Create a composite index on (userid, visitorid, time) for this to work faster.

This query:

SELECT  visitorid
FROM    uservisitors ui
WHERE   userid = ?
        NOT EXISTS
        (
        SELECT  NULL
        FROM    uservisitors uo
        WHERE   uo.userid = ui.userid
                AND uo.visitorid = ui.visitorid
                AND uo.time > ui.time
        )
ORDER BY
        time DESC
LIMIT 5

may be more efficient if you have lots of distinct visitors.

In this case, you'll need an index on (userid, time, visitorid).

Update:

This article in my blog compares both approaches:

  • Latest visitors


Something like this should work:

SELECT visitorid, MAX(time)
FROM uservisitors
WHERE userid = 1
GROUP BY visitorid


Find distinct visitors in the last 5 minutes. You can change the INTERVAL to whatever time period such as INTERVAL 1 DAY for the last 24 hours.

SELECT distinct visitorid 
FROM uservisitors
WHERE userid = 1 AND time > DATE_SUB(NOW(), INTERVAL 5 MIN);


Assuming you only care about the last visit by a visitor and not ALL the visits, how about using a unique key pair for userid/visitorid and then using INSERT INTO.. ON DUPLICATE KEY:

CREATE TABLE uservisitors (... UNIQUE (userid, visitorid) );
INSERT INTO uservisitors (userid, visitorid, time) VALUES (....) ON DUPLICATE KEY UPDATE time=NOW();

Then its a simple select to get the top 5 visitors:

SELECT visitorid FROM uservisitors WHERE user_id=1 ORDER BY time DESC LIMIT 5;

No duplicate records or having to use group by.

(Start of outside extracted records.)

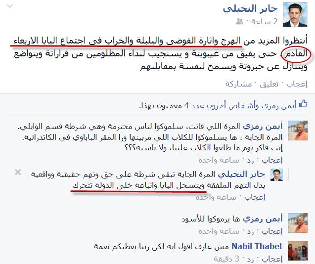 كتب أحد منكوبى الأحوال الشخصية على صفحته الشخصية ويدعى جابر النخيلى قائلا ، أنتظروا المزيد من الفوضى والبلبة والخراب فى أجتماع البابا الأربعاء القادم حتى يفيق من غيبوبته ويستجيب لنداء المظلومين ويتواضع ويتنازل عن جبروته ويسمح لنفسه بمقابلتهم .
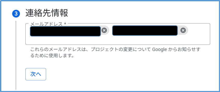 連絡先となるメールアドレスを入力。ここは複数指定可能な模様。
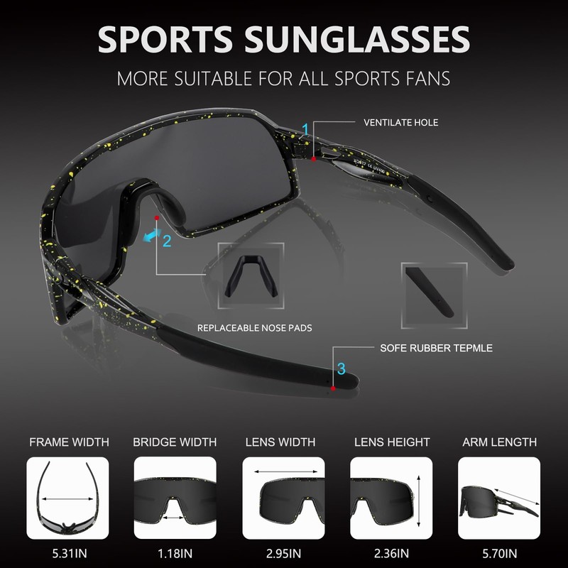- 【LIGHTWEIGHT FRAME】: Our cycling sunglasses are designed with a super-lightweight frame that offers exceptional flexibility, heat resistance, and UV resistance. The wraparound design minimizes air resistance and protects your eyes from harmful UV rays, dust, and wind.
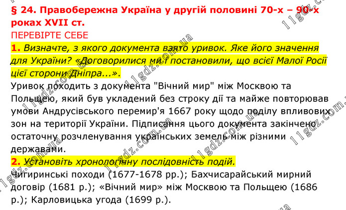 § 24. Правобережна Україна у другій половині 70-х – 90-х роках XVII ст. ПЕРЕВІРТЕ СЕБЕ 1. Визначте, з якого документа взято уривок. Яке його значення для України? «Договорилися ми і постановили, що всієї Малої Росії цієї сторони Дніпра...». Уривок походить з документа "Вічний мир" між Москвою та Польщею, який був укладений без строку дії та майже повторював умови Андрусівського перемир'я 1667 року щодо поділу впливових зон на території України. Підписання цього документа закінчено остаточну розчленування українських земель між різними державами. 2. Установіть хронологічну послідовність подій. Чигиринські походи (1677-1678 рр.); Бахчисарайський мирний договір (1681 р.); «Вічний мир» між Москвою та Польщею (1686 р.); Карловицька угода (1699 р.).
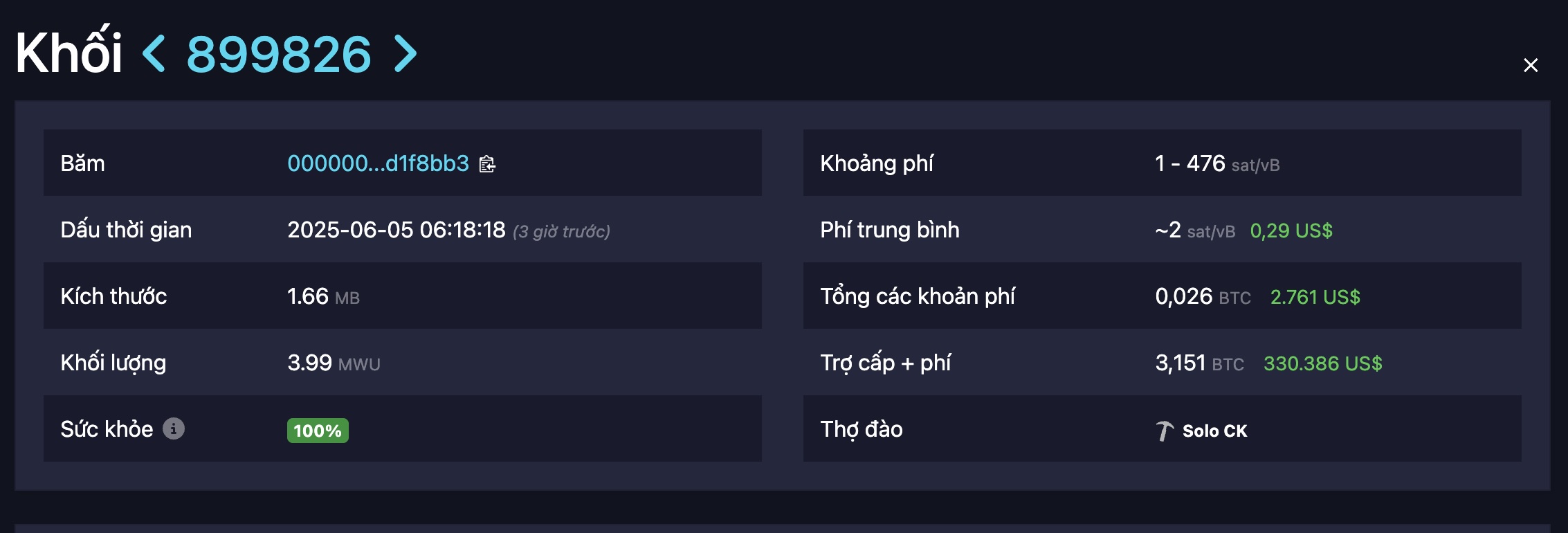 Vào lúc 04:48 ngày 5/6, thợ đào cá nhân “Solo CK” đã khai thác thành công block Bitcoin #899826, nhận thưởng 3,151 BTC (trị giá khoảng 330.386 USD), bao gồm 0,026 BTC (2.761 USD) phí giao dịch. Block có kích thước 1,66 MB.

How do you plan on deleting stuff from the table later on? You might need to add another index for that to work efficiently.

If you only want the last 5 visits, I'd denormalize the table (saves space, index and only uses one single primary key lookup) and in the process, I would no longer have to worry about deleting old data. Each user will only occupy one row in the table so it will not grow much over time. So:

CREATE TABLE user_visitors (user_id int primary key,
visitor_1_id int,
visitor_1_time timestamp,
..
visitor_5_id int,
visitor_5_time timestamp);

To store a visit you would either insert a new row with visitor_1 as the visitor. On duplicates, you would shift down previously stored values:

INSERT INTO user_visitors SET ... 
... ON DUPLICATE KEY UPDATE visitor_5_id = visitor_4_id, visitor_5_time = visitor_4_time ...
... visitor_1_id = ?, visitor_1_time = ?

If you worry about duplicates you might be able to work it out by adding IFs in the UPDATE section, such that the row won't get updated if the visitor_id is already present in the row. In code you can check for updated row count. If zero, handle the duplicate visitor time update from there. It involves some work but it will be fast and easy to understand.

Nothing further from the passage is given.